Materials and Methods:
A lexicon for chance of LR was developed by nine radiologists: low (0-15%), intermediate (15-85%), and high (> 85%) probability and implemented as a PowerScribe macro. After 16 months, radiology reports were reviewed to determine if the study was done to assess for LR and whether the lexicon was used. When the lexicon was not used, chance of LR was inferred from the report. Two musculoskeletal fellows assessed for LR based on review of follow-up reports, images, and biopsy. Questionable cases were discussed with the attending radiologist. Negative cases: no recurrence on follow up or on biopsy. Positive cases: enlarging lesions or positive biopsy. Calibration analysis was used to assess the correlation of predicted probabilities of LR with observed occurrences of LR. Thirteen calibration and discrimination metrics were calculated for the whole group and for each radiologist. Bonferroni correction was applied.

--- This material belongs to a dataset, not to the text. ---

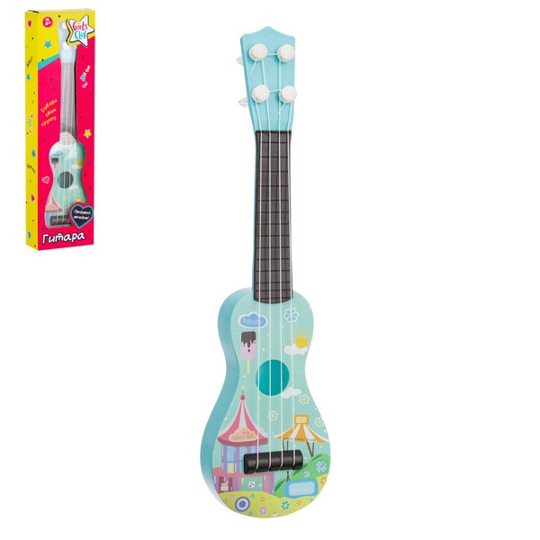 Эта яркая гитара с 4 струнами создана специально для маленьких рук. Без электроники и батареек – звук рождается от реального касания струн.

Lexicon use improved over time but remained suboptimal (66%). The LR rate was 7%. Specificity for detection of LR was excellent (0.98, 95% CI: 0.97 0.99), but sensitivity was modest (0.67, 95% CI: 0.55, 0.77). Overall, the group of radiologists over-estimated (over-called) LR (calibration-in-the-large: 0.088, 95% CI: 0.076, 0.099) and was globally under-confident (confidence score: -0.066, 95% CI: - 0.077, 0.055). Two radiologists performed better than their peers, while two performed worse. There was no significant difference in any metric with respect to sarcoma type (myxoid vs. non), reader volume (at/above median vs. below), or presence of advanced imaging.

Confidence calibration can assess performance of radiologists in groups or individually. The techniques can be generalized to other practice settings to assess and improve quality.